Tiffani McCoy: It’s been quite a whirlwind. The board just moved in January to remove my predecessor, and then at the same meeting, also put me in as the interim CEO. I’ve been doing some cleanup and a lot of setting up of systems and staffing up. We received our very first amount of money from the social housing payroll tax that was passed by the voters last year. We estimated that it would bring in roughly $50 million but, whew, we have a lot of wealth in this country and this city, so it actually brought in $133 million.

Wow, that’s a lot of money.

Yeah, a lot more money than we thought. And with that money we can accelerate our pipeline. So right now, we are actually really close to closing on our first position. Hopefully by June 10, we will have our first building. We’re looking at another building this year, so about 300 units of acquired property. And then this year, too, we’re looking to secure two to four land sites for pre-development of new construction.
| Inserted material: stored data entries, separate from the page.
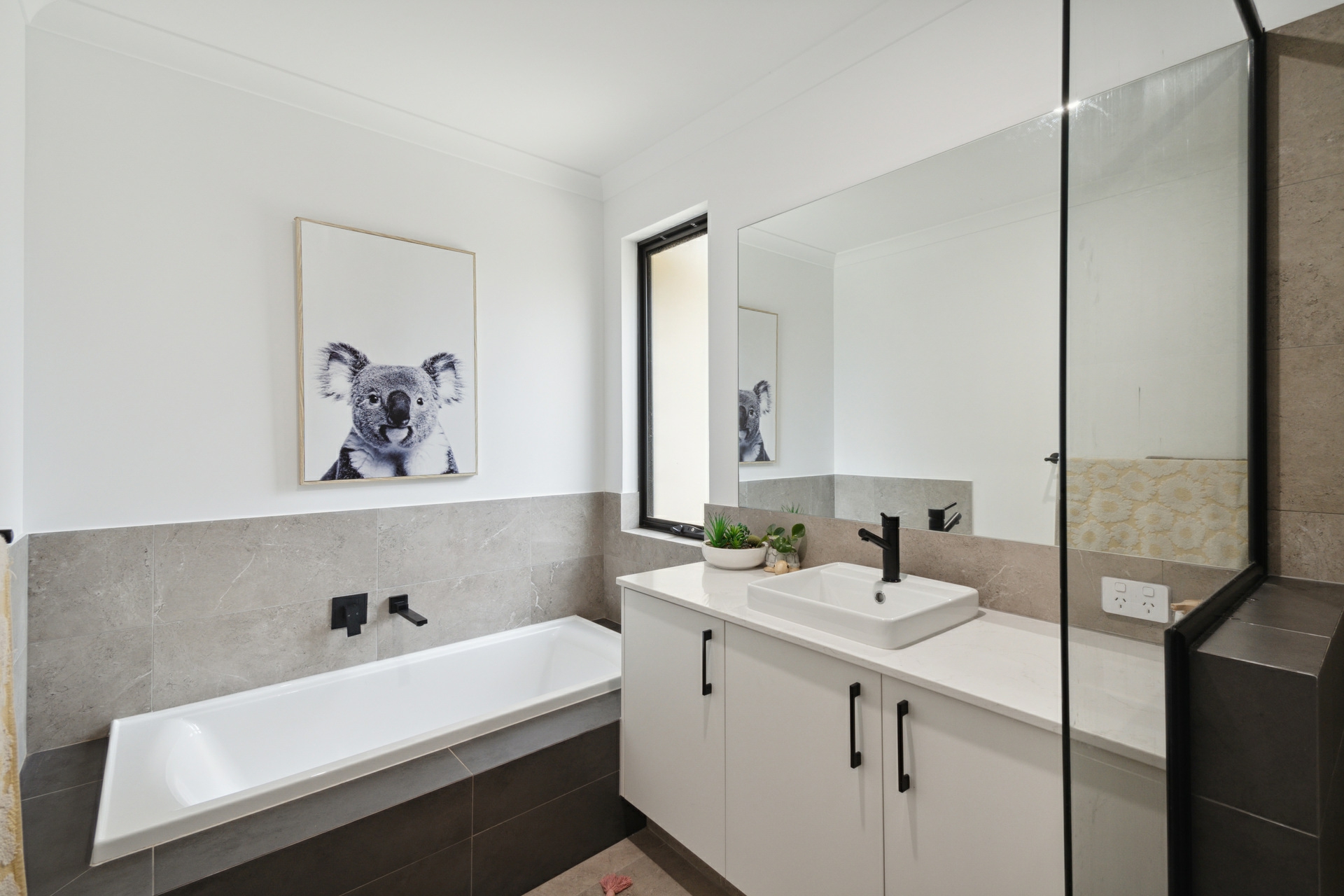 - Black fixtures throughout
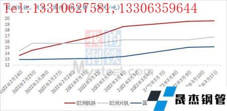 2月24日EW矛盾突發,原本穩定的供應鏈受到影響,擔憂情緒四處蔓延,歐洲釩市首當其衝產品價格快速上漲。國內市場高度關注國際價格走勢,利好消息不斷,市場樂觀情緒高漲,又是恰逢國內三月鋼招,雙重利好相互疊加不斷推動國內釩市上漲,致使國內原料散貨成交價格高達現金15.1-15.2萬元/噸,創近年來新高。
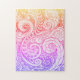 Este quebra-cabeça apresenta um design abstrato e intrincado cheio de padrões giratórios, espirais e semelhantes a penas. O trabalho de arte transita suavemente através de um gradiente de cores quentes a legal — começando com amarelo e laranja no topo, passando para rosa e finalmente se misturando em tons azuis e roxos no fundo. O efeito global é vibrante e dinâmico, com um toque de mão, capricho.
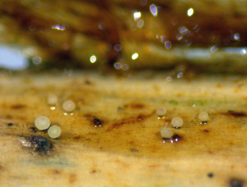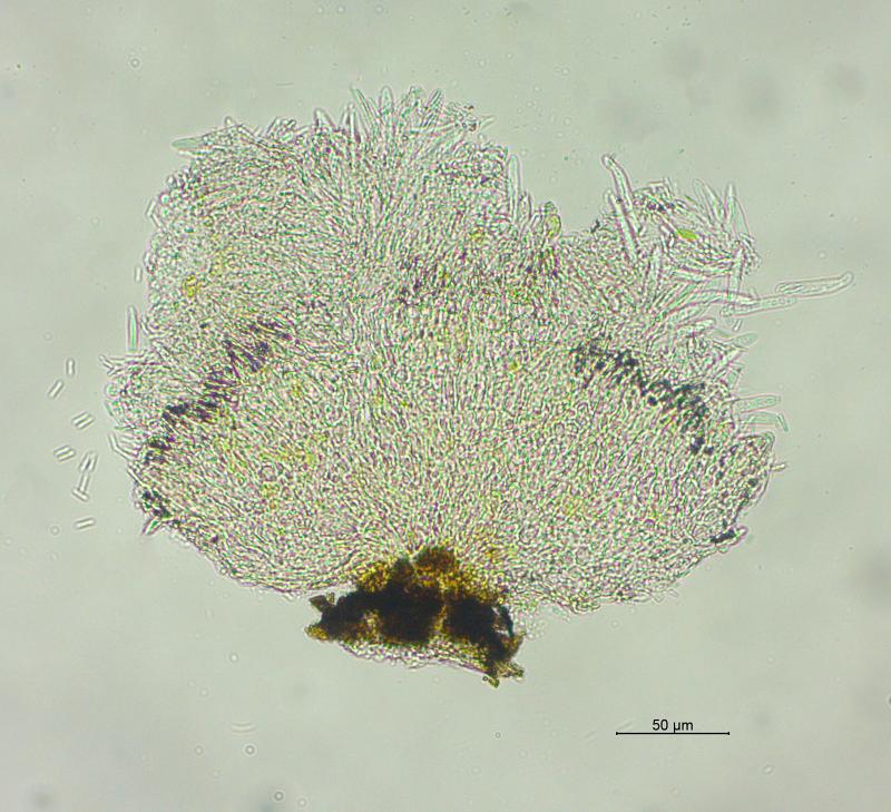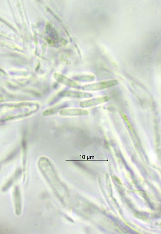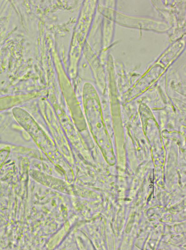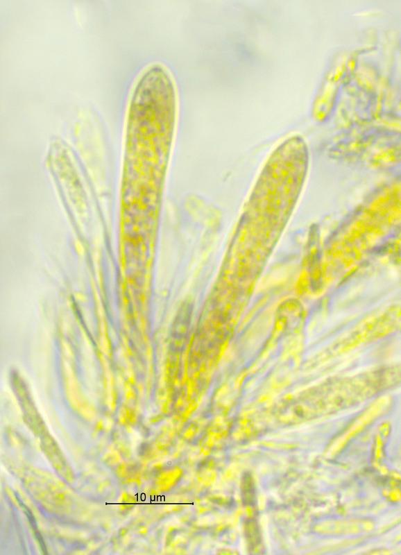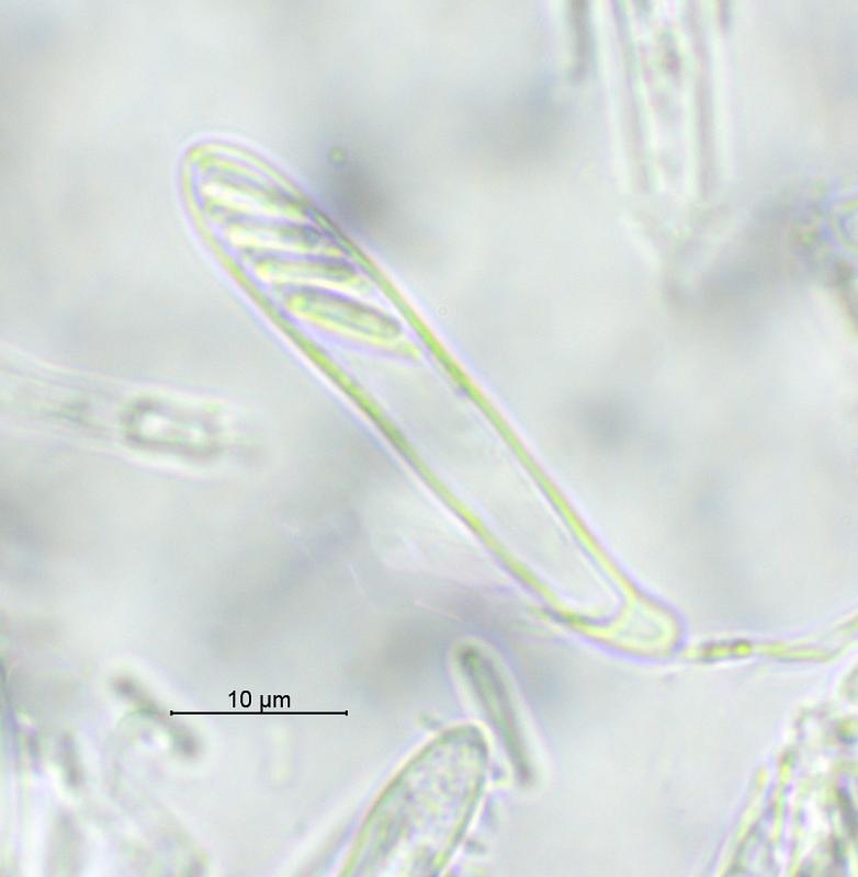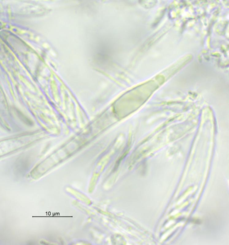 Voici un asco sur tige morte d'Athyrium (forêt à 920 m), apothécies 0.1 - 0.15mm de diamètre, cupuliforme, stipitées, l'hyménium jaune pâle, asques octosporés, 33 - 44 x 5 - 6 µm, à crochet à la base, IKI+, spores lisses, hyalines, 8 - 9.5 x 1.25 - 1.5 µm, paraphyses lancéolées, réfringentes.
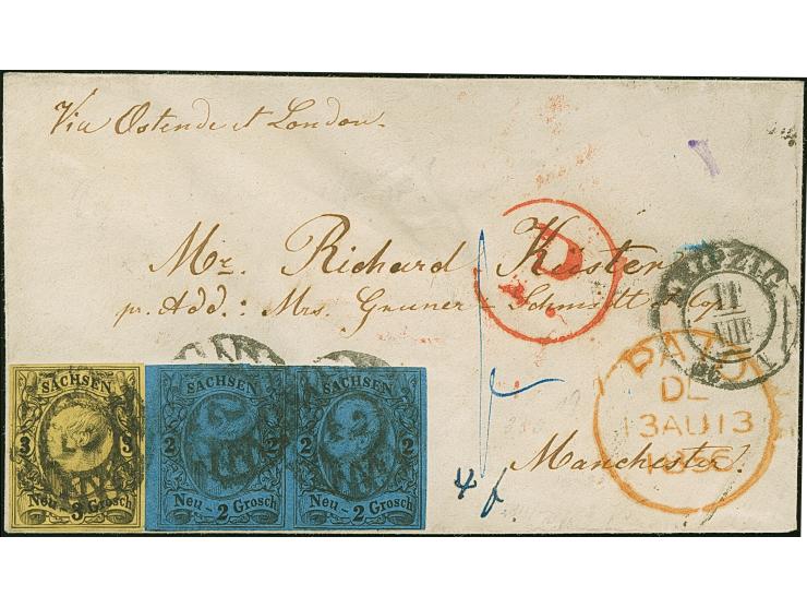 3 Ngr. auf gelb und waagerechtes Paar 2 Ngr. auf blau, alle voll- bis breitrandig, mit Nr. "2" und nebengesetztem Doppelkreisstempel "LEIPZIG 11 VIII 56" auf kleinem Briefkuvert über Preußen und Belgien nach Manchester.
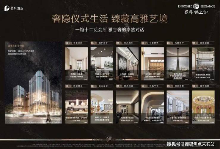 一座鎏光花影美学馆,十二个主题泛会所,实现会客厅、围炉、露营、健身、棋牌及儿童游乐等社交互动场景,为业主提供预约制尊享服务。
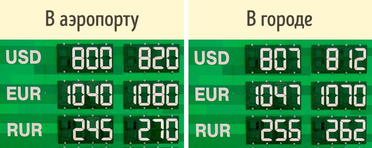 Як правило, курси валют в аеропорту набагато вище, ніж у місті. Тому після прибуття в нову країну простіше зняти національну валюту з картки або ж просто обміняти невелику суму, достатню для того, щоб дістатися до готелю.
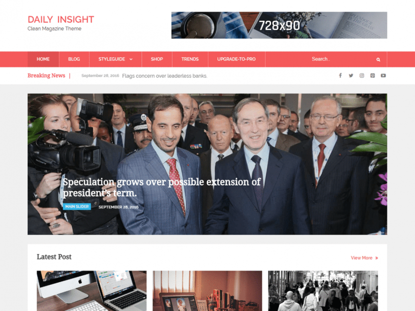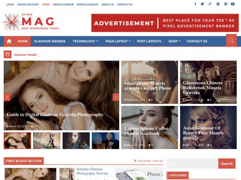 Tema visualmente atraente para blogs com o layout do conteúdo da revista na página principal. Características:
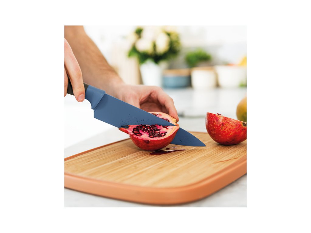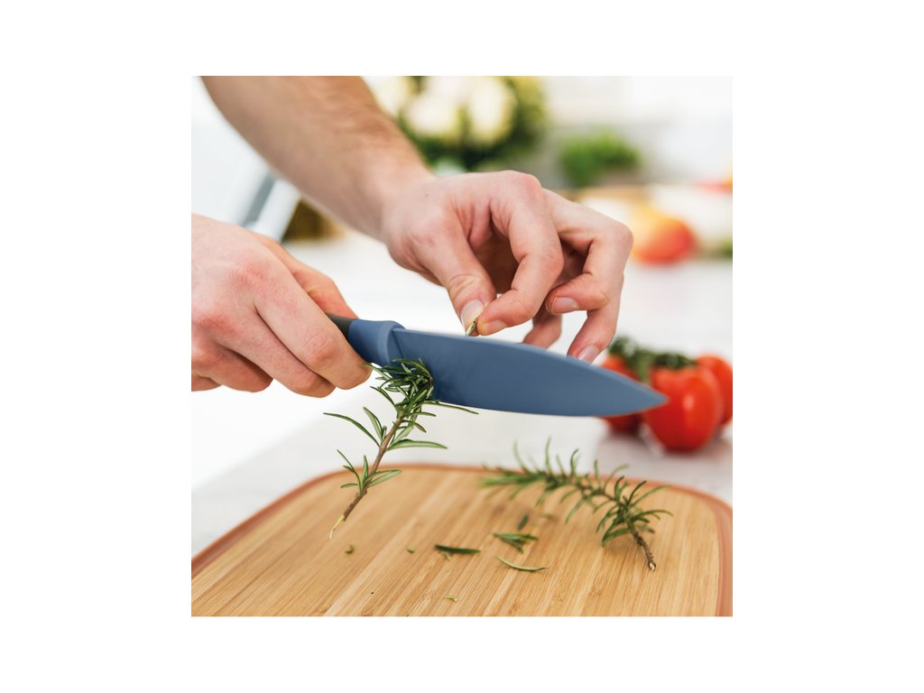 Ideálny pomocník pri krájani vašich obľubených byliniek. Kvalitný oceľový nôž v modrom prevedení s non-stick povrchom z línie LEO od uznávaného dizajnéra PIETER ROEX.
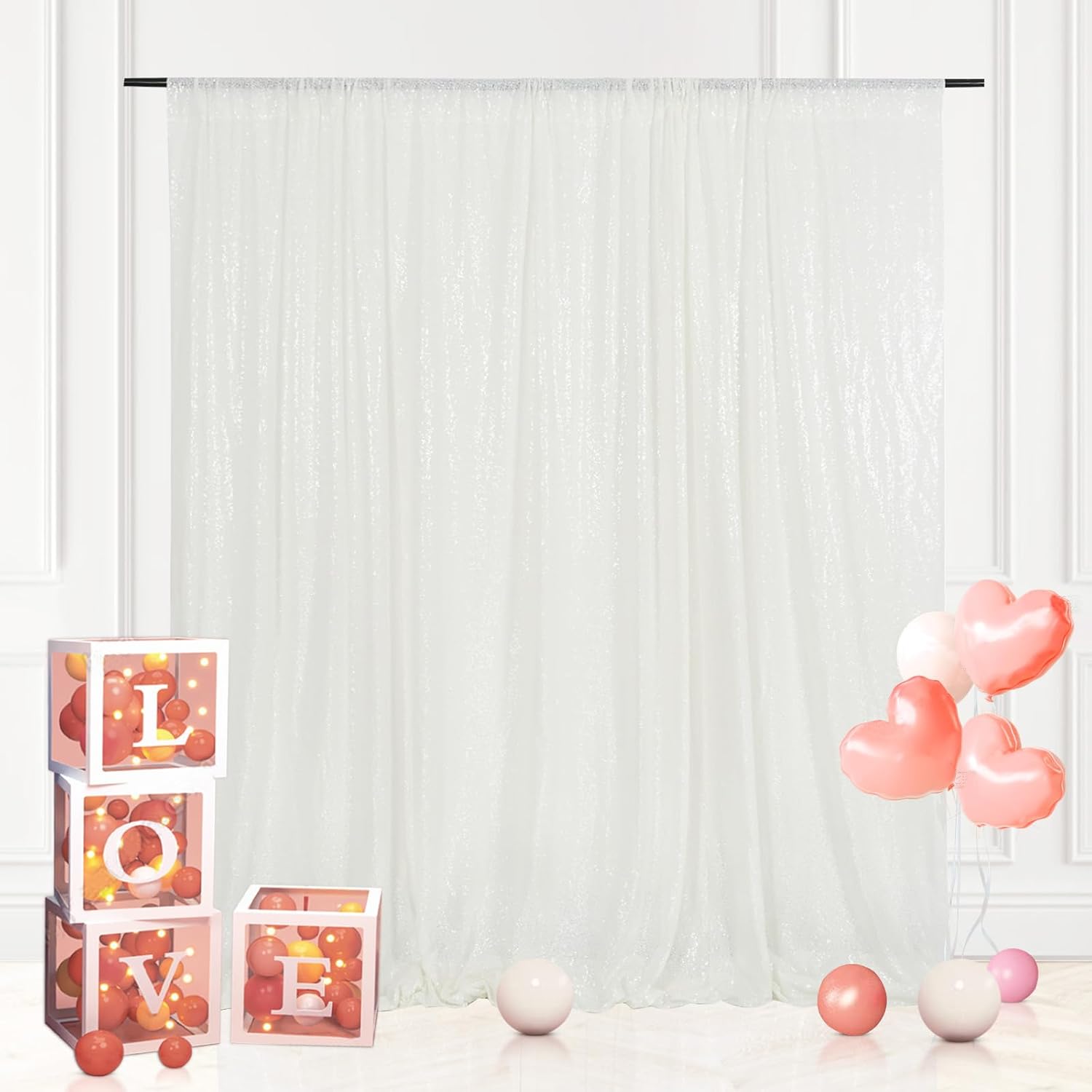 Eternal Beauty White Sequin Backdrop, 8x8 Ft Glitter Background Curtains for Christmas Shimmer Photography Party Wedding Birthday Back Drop Decor
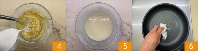 Gießen Sie die restliche Milch 4 hinzu und rühren Sie, bis Sie einen glatten Teig ohne Klumpen erhalten 5. Lassen Sie ihn 30 Minuten im Kühlschrank mit Frischhaltefolie abgedeckt ruhen. Erhitzen Sie eine Antihaft-Pfanne und fetten Sie sie leicht mit etwas Butter ein 6.
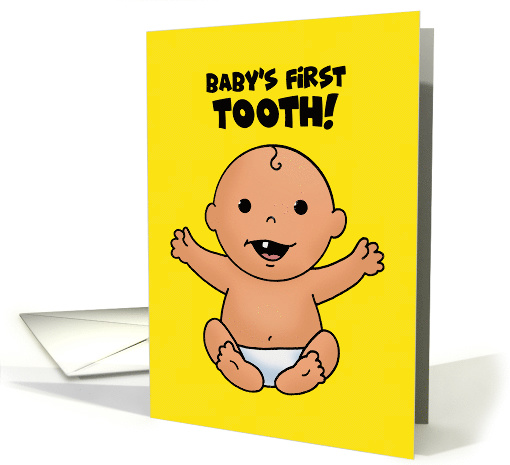 | Artist Notes: | Cute congratulations card for baby getting its first tooth. There's a cute cartoon baby with a big smile and one tooth showing. The words on a yellow background say: Baby's first tooth! Inside says: Congratulations! Soon it will be solid foods! |
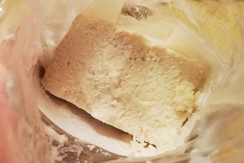 外側はクリームチーズ風ですが、中身はしっかり島豆腐な見た目のようです。
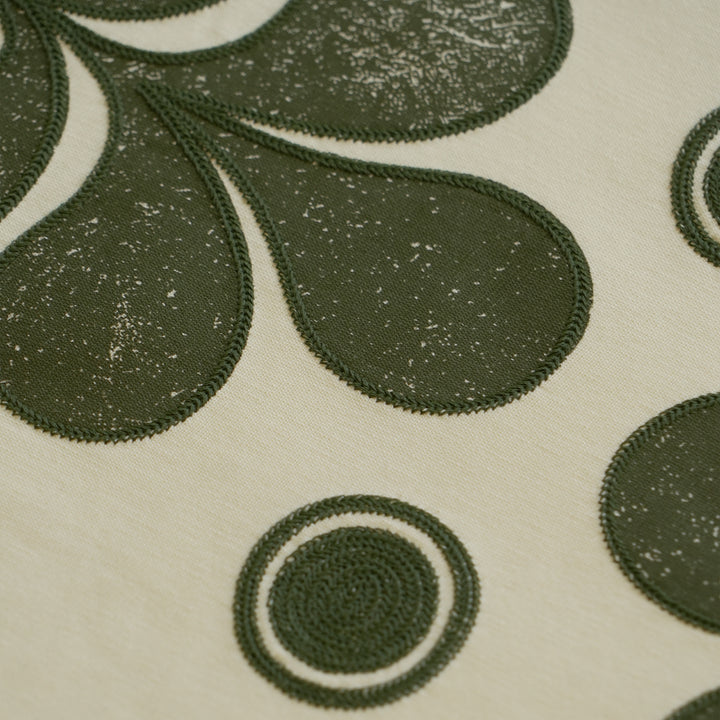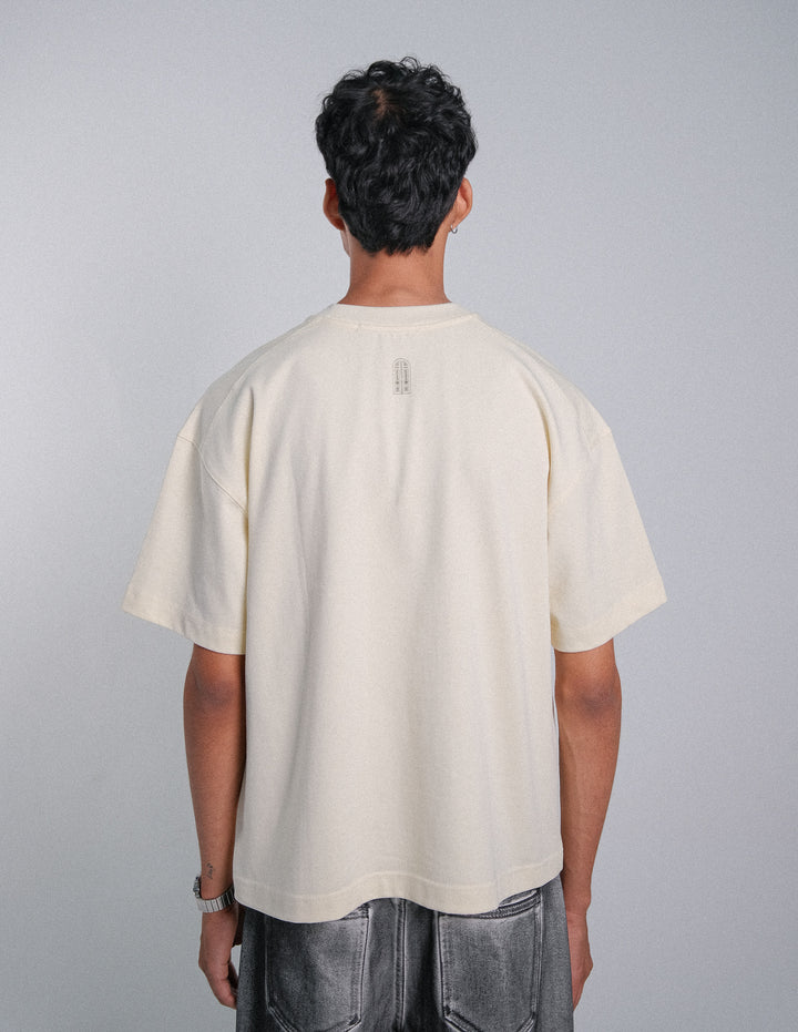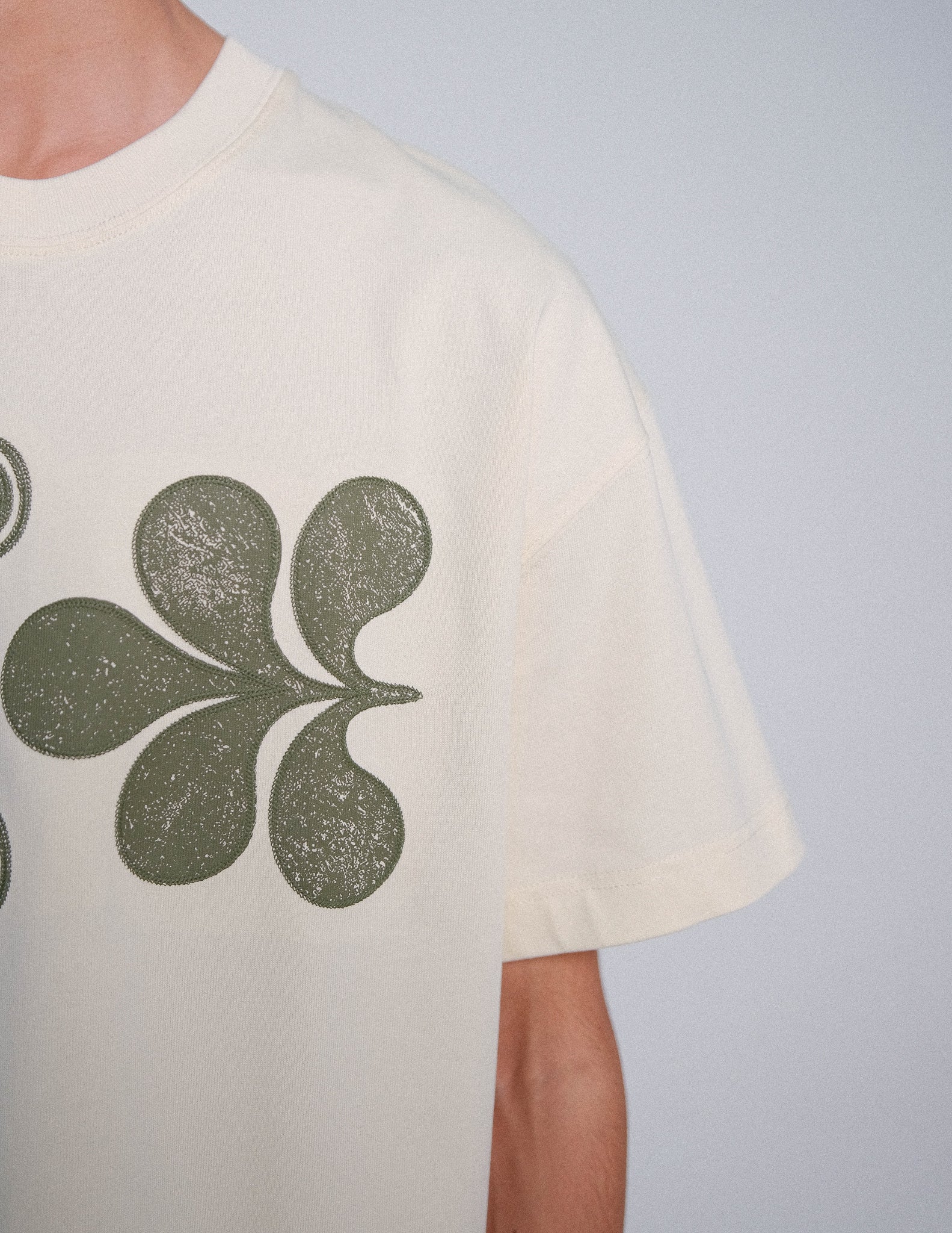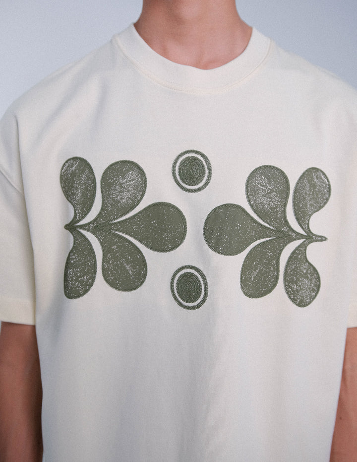 Camiseta boxy fit color crema con un estampado digital en el pecho color verde y un bordado chainstitch resaltando el detalle y calidad de la prenda, hecha en tela 100% algodón de 310 gr y cuello redondo en Rib

All of those new constructions are going to be really focusing on family-type units, two and three bedroom units, which is really needed in the city. And our acquisitions will kind of round out the portfolio, where we’re going to have more studios and one bedrooms, which is what the market is building. The market doesn’t build family sized units.

We’re going to be really low in our risk tolerance, bringing on high-quality assets right now, getting a good track record, and then trying to be a little bit more nimble.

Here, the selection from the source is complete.